Why not try a settlement conference?


May 16, 2017 Litigation and Conflict Resolution

A settlement conference is a process undertaken for the amicable settlement of disputes for which legal proceedings have been instituted and in respect of which the parties involved wish to reach a consensus to put an end to the legal debate sooner than is possible with the current judicial system.

A settlement conference is chaired by a judge who acts as a mediator and whose ultimate goal is to get the parties to find a common ground with which they are both satisfied, to the full extent possible.


Some cases are more suitable for a settlement conference than others. When a settlement conference is possible, the only prerequisite for this alternative dispute resolution method is the parties’ willingness to participate with the serious intention of reaching a consensus in order to put an end to the dispute with an amicable agreement.

Moreover, settlement conferences are not limited to any specific areas of law, but rather can be held in family matters, civil matters, commercial matters, and real estate matters, among others, both at the trial and appeal levels. Our lawyers regularly use this less traditional method to reach amicable resolutions of civil disputes, real estate disputes, construction disputes, and commercial disputes.

Once legal proceedings have been instituted, a settlement conference may take place at nearly any stage. However, it can only take place when all parties are ready and willing to participate, which can vary. Of course, neither party is bound to accept an offer that it deems to be unsatisfactory; the judge is present only as a mediator and is not endowed with decisional power for resolving the dispute at this stage. That being said, settlement conferences are successful in over 80% of cases.

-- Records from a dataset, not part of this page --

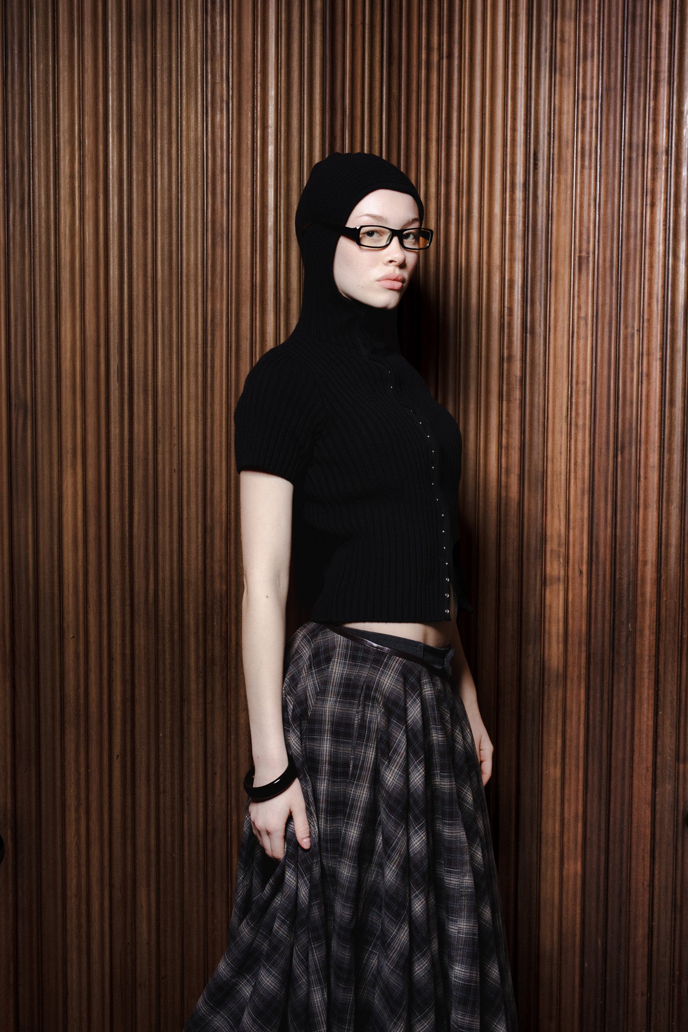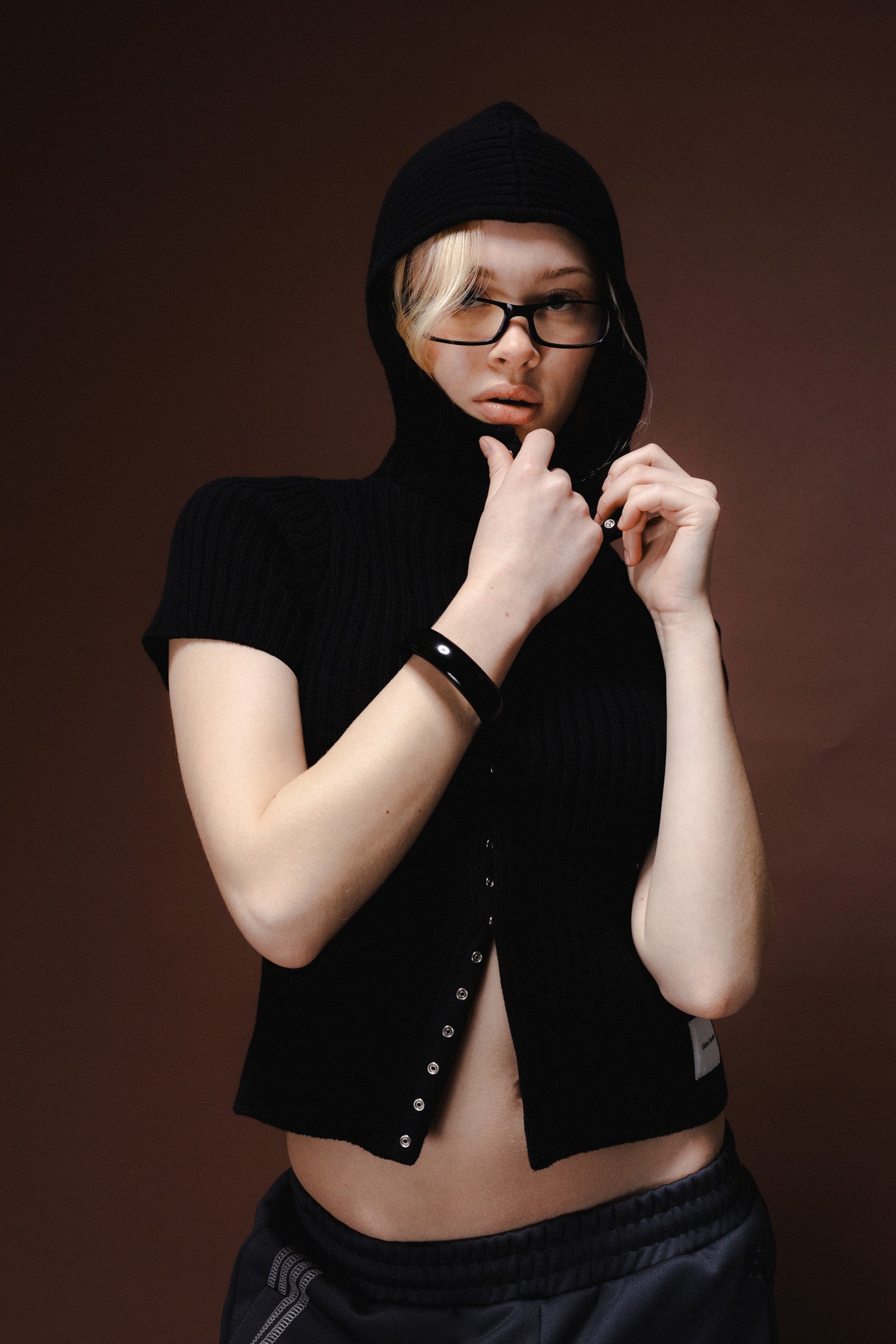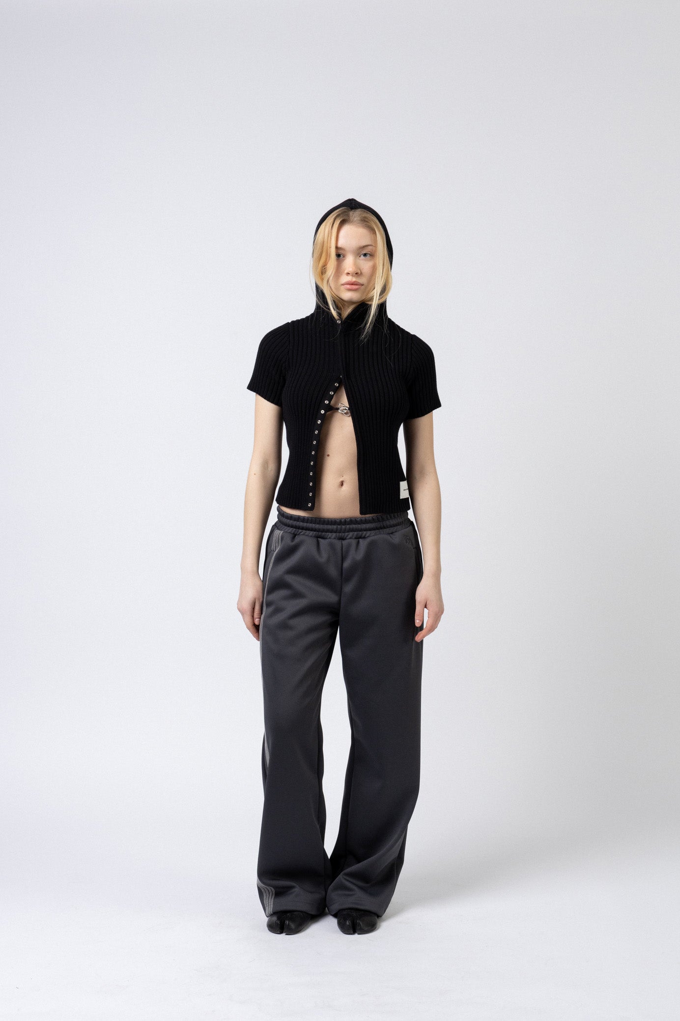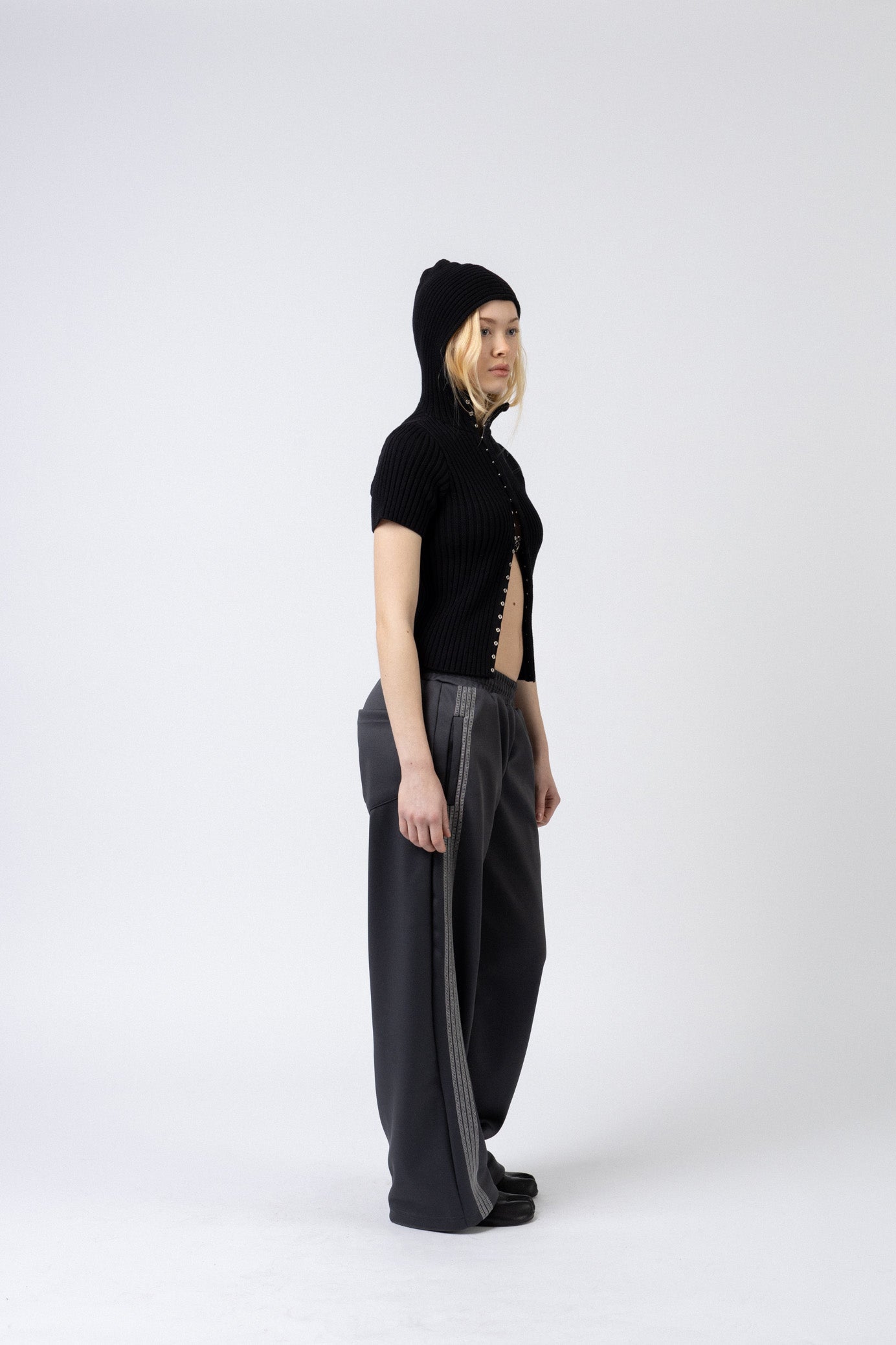Knit Hoodie Top kommer i 100% cotton. Den tætsiddende pasform kombineret med korte ærmer og høj hals skaber et moderne og feminint udtryk.Frontlukningen med trykknapper giver mulighed for fleksibel styling.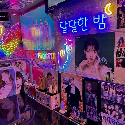 韓国をイメージした店内。こじんまりとした、隠れ家的な雰囲気が人気!店内。ポップでインスタ映えの空間に、自然と気分もアガります♪ 常連さんも韓国好きでいい方ばかりです!リピート率がとても高いんです♪おひとり様でのご来店も多いのです!某有名KPOP事務所所属の方も撮影で足を運んで頂いたこともあるんですよ!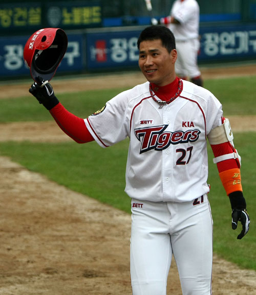 선동렬 KIA 감독은 9일 광주 넥센전에 앞서 김상현을 1군 엔트리에서 제외했다. 이유는 오른쪽 무릎 연골 파열이 의심되기 때문이다. 전날 수비도중 오른쪽 무릎에 충격을 받아 통증을 호소했다. 또 다시 이탈과 함께 공백이 예상된다.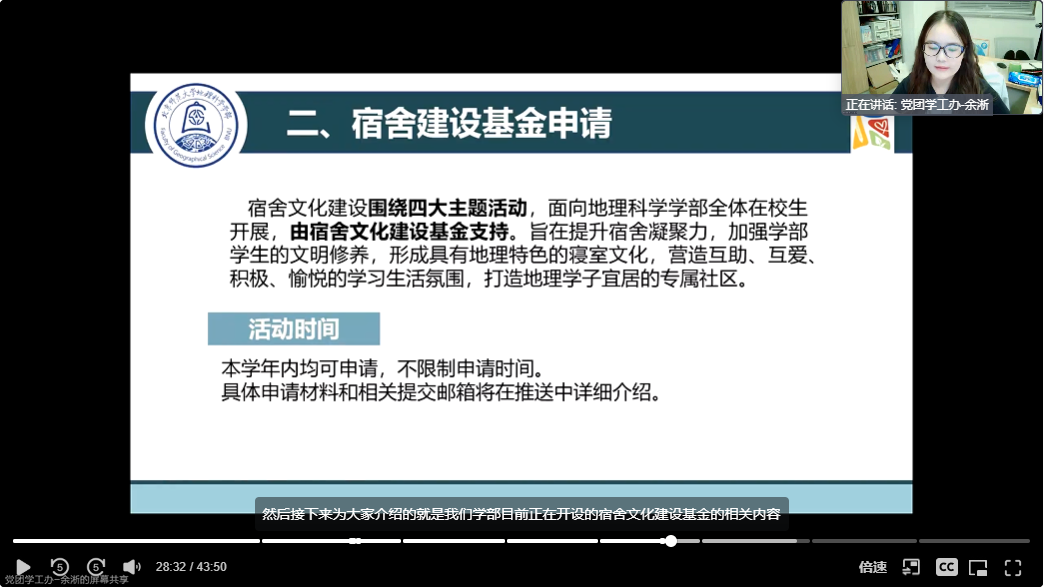 接下来,余淅老师向同学们介绍了宿舍文化建设基金的具体内容、申报流程以及经费支持和奖励。旨在提升宿舍凝聚力,营造互助、互爱、积极、愉悦的学习生活氛围,形成具有地理特色的寝室文化,打造地理学子宜居的专属社区。活动由老司机论坛 本、研宿舍长联盟执行主席执行负责。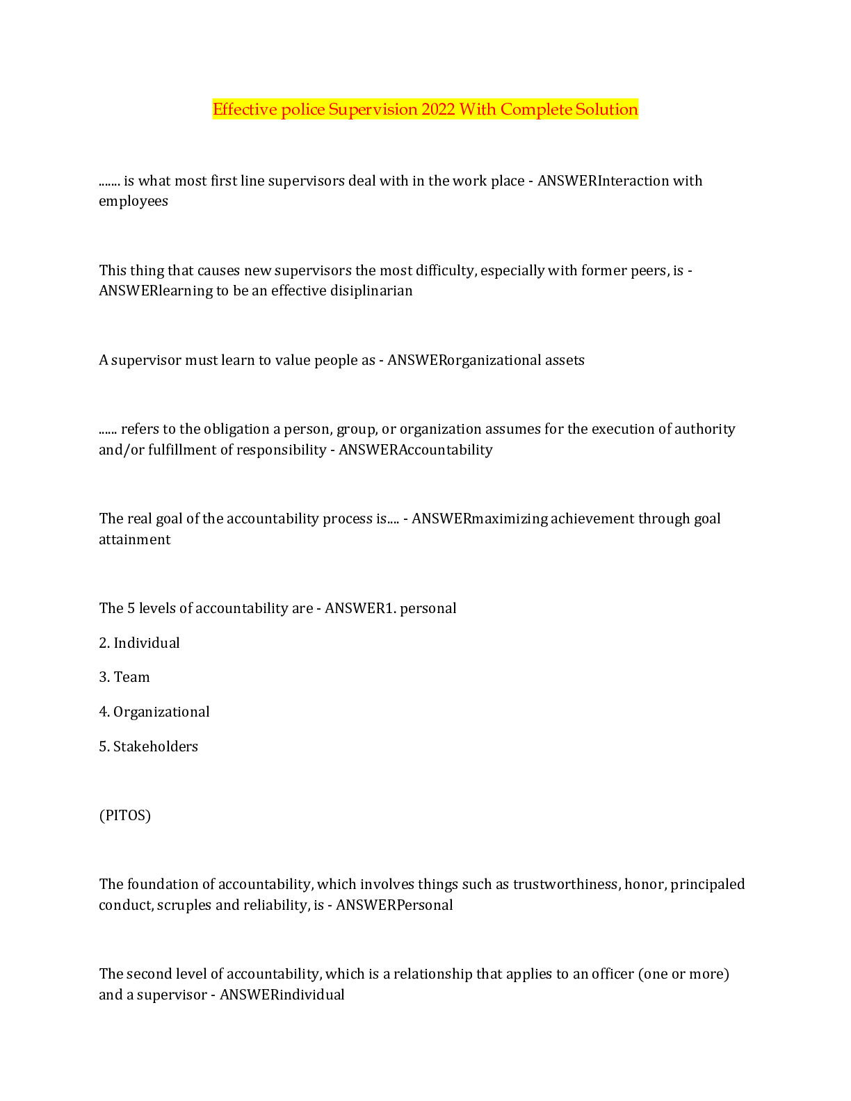 Financial Accounting > QUESTIONS & ANSWERS > Effective police Supervision 2022 With Complete Solution (All)

The goal of a settlement conference is to lead the parties to make compromises, of their own accord, that allow them to reach an equitable and mutually acceptable out-of-court settlement in order to avoid a trial, the judicial system’s delays, and above all, the cost of litigation, which can in some cases be significant.

The main advantage for the parties to participate in a settlement conference is their ability to control its outcome. Specifically, at a settlement conference, the parties can negotiate a solution to their dispute; however, at trial, the parties entrust a judge with the outcome, who will decide based on the proof presented before him.


The general procedure for a settlement conference is informal, with the parties, accompanied by their lawyers, sitting around a table with a judge who helps the parties reach a consensus. A settlement conference allows the parties to speak to each other, face to face, and to communicate, which is essential for facilitating the conclusion of an agreement to put an end to their dispute.

However, the nature and content of what is said at the settlement conference is entirely confidential, without admission and without prejudice to the parties’ rights, in order to promote the free exchange of information between the parties. Lawyers generally play a more subdued role at a settlement conference; they are present to explain the legal basis for their respective client’s assertions, as needed, as well as to assist and counsel their clients. Prior to the settlement conference, the parties sign a confidentiality agreement by which they undertake not to disclose the content of the exchanges, testify on what was revealed in the event of a trial, nor use the documents submitted at the settlement conference as evidence in the event of an impasse.

In a settlement conference, the parties have the opportunity to temporarily withdraw to another room to discuss the other party’s offers with their own lawyers, which sometimes facilitates the discussion and allows the parties to take a step back.

The judge who acts as a mediator at a settlement conference plays an active role as a facilitator of the negotiations, seeking to bring the parties closer to resolving their dispute. It is important to specify that, in the event no settlement is reached at the conference, this judge will not preside over the trial, and the judge who hears the case will in no way be made aware of what happened at the settlement conference.


When the settlement conference results in a solution to the dispute, an agreement is drafted on the spot and immediately signed by the parties. Often, this agreement is submitted to the judge presiding over the settlement conference so that it may be legally binding in the same manner as a judgment rendered by the Court. Specifically, the agreement reached between the parties may be homologated, which will save them from having to restart the judicial process in the event that one of the parties defaults on his obligations.  

In the event of the settlement conference’s failure, the judicial file follows its normal procedural course. The parties’ participation in a settlement conference does not invalidate the judicial process, but rather serves as an opportunity for the parties to express their views of the facts to the other party, in the presence of a judge, in order to find a common ground.

The settlement conference therefore plays an important role in the resolution of judicial disputes, and we favour this alternative dispute resolution method when appropriate and when the parties wish to participate. We are of the opinion that a settlement conference constitutes a unique forum for allowing the parties to a dispute to communicate directly and decide, between themselves, the outcome of their dispute.

This bulletin provides general comments on recent developments in the law. It does not constitute and should not viewed as legal advice. No legal action should be taken on the basis of the information contained herein.